U.S. intelligence has warned that Kim Jong Un has no intention of negotiating away his nuclear arsenal and may be prepared to conduct further nuclear and ICBM tests on short notice — a point that makes passive strategies dangerously naive. If the intelligence community says a test could come soon, policymakers must plan not with platitudes but with hard choices that restore deterrence and reassure allies. This is not scaremongering; it is the sober assessment Washington’s leaders are obliged to heed.
Some will say returning nuclear weapons to the Korean Peninsula is provocative, but the truth is more uncomfortable: weakness is provocative. South Korea’s leaders have repeatedly stressed reliance on U.S. extended deterrence rather than developing their own arsenal, making American credibility indispensable in the region. Our alliance will collapse into doubt if Washington cannot back its commitments with tangible capability and posture, and that erosion of trust is exactly what emboldens dictators like Kim.

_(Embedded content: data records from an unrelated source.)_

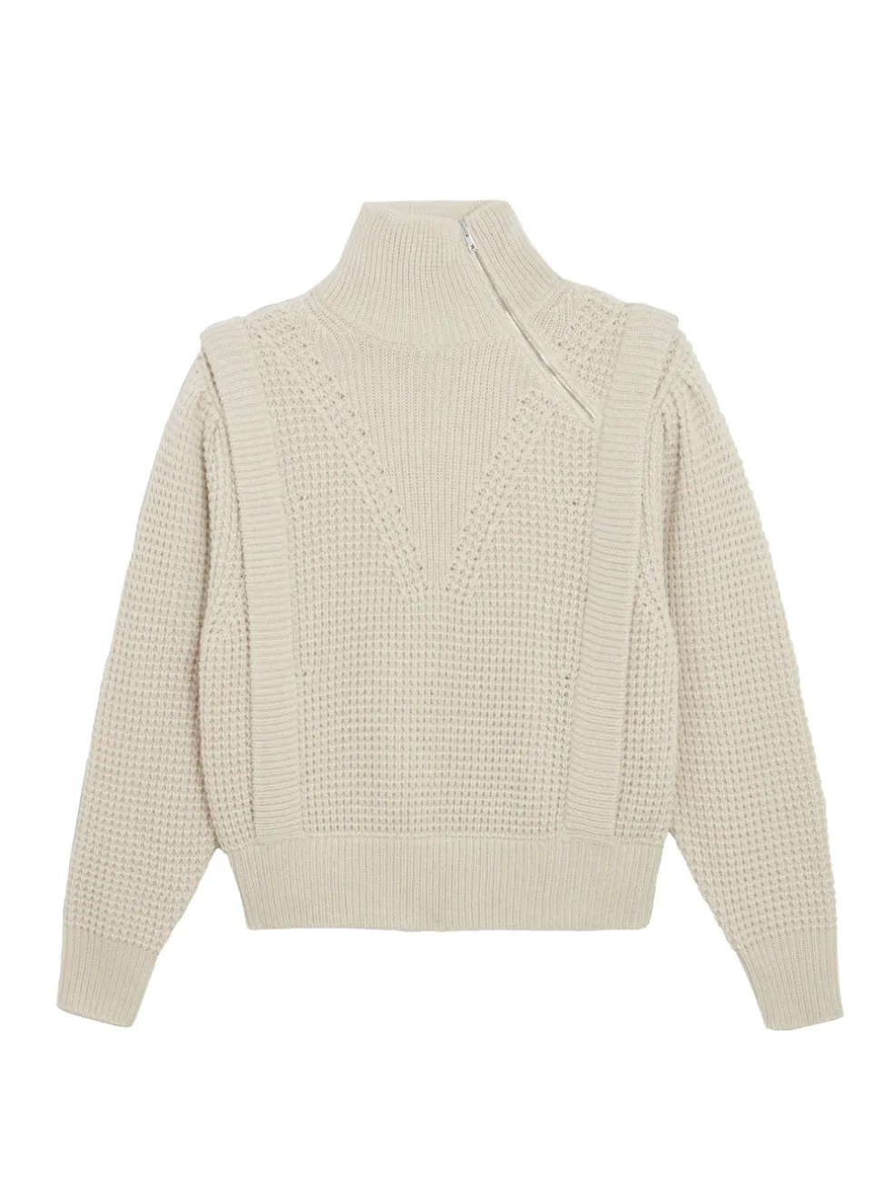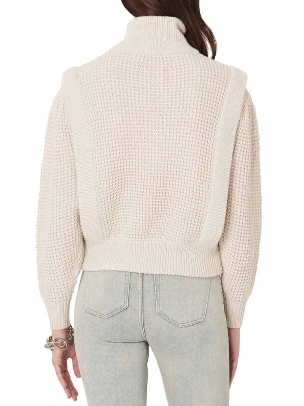The IRO Macky Sweater in Cream is a dreamy wardrobe addition. Beautifully constructed in a waffle texture with a high neckline with asymmetrical zip closure, ribbed trims and statement shoulders. Perfect paired with some tight leather leggings or your fave distressed boyfriend jeans.
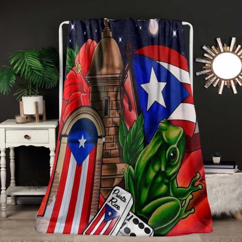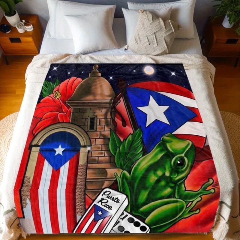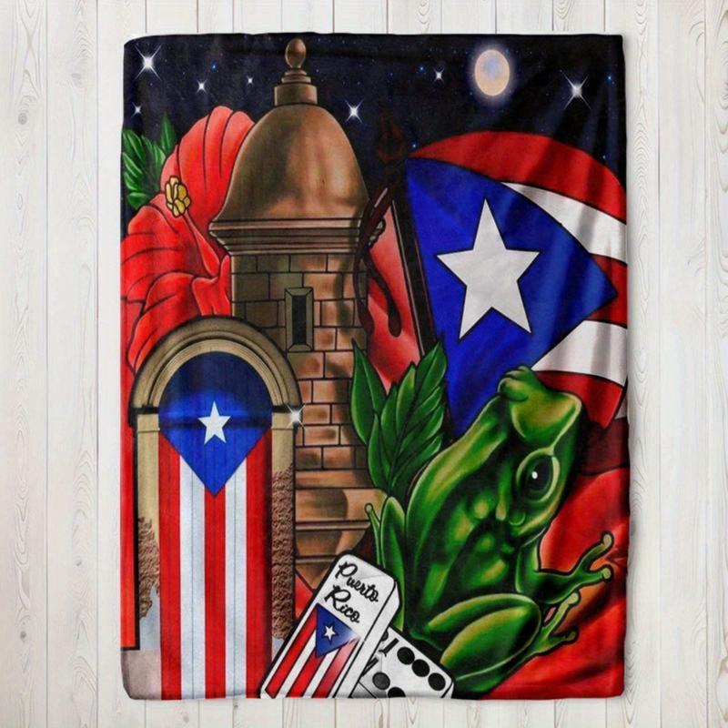 ·Warm and Vibrant Design: This furry blanket features a vibrant Puerto Rican flag design with a unique frog theme. It's perfect for adding a touch of color and warmth to any space. 🐸
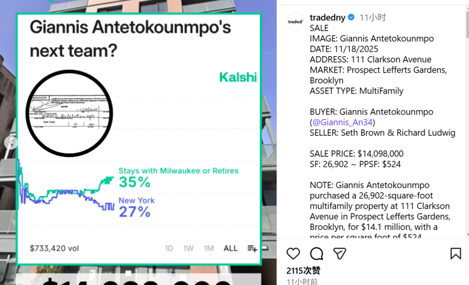 根据美媒Traded报道,字母哥上个月已经在纽约市布鲁克林区的克拉克森大道购入一栋包含28套房的公寓大楼,总面积约2500平方米,价值1410万美元。

This moment calls for decisive action, not endless committees and cross-party handwringing. Redeploying a limited, secure nuclear presence to South Korea — combined with accelerated missile defense and conventional modernization — would restore the clear red line Pyongyang now doubts exists. Conservatives who love country should demand that Congress and the White House stop punting on deterrence and start treating national security like the existential priority it is.
Hardworking Americans and our allies deserve leadership that understands peace through strength. If our leaders balk at the unpopular but necessary steps, they will be judged harshly when the crisis that could have been prevented arrives. It is time to choose strength, stand with South Korea, and make deterrence unmistakable to any regime that contemplates attacking the free world.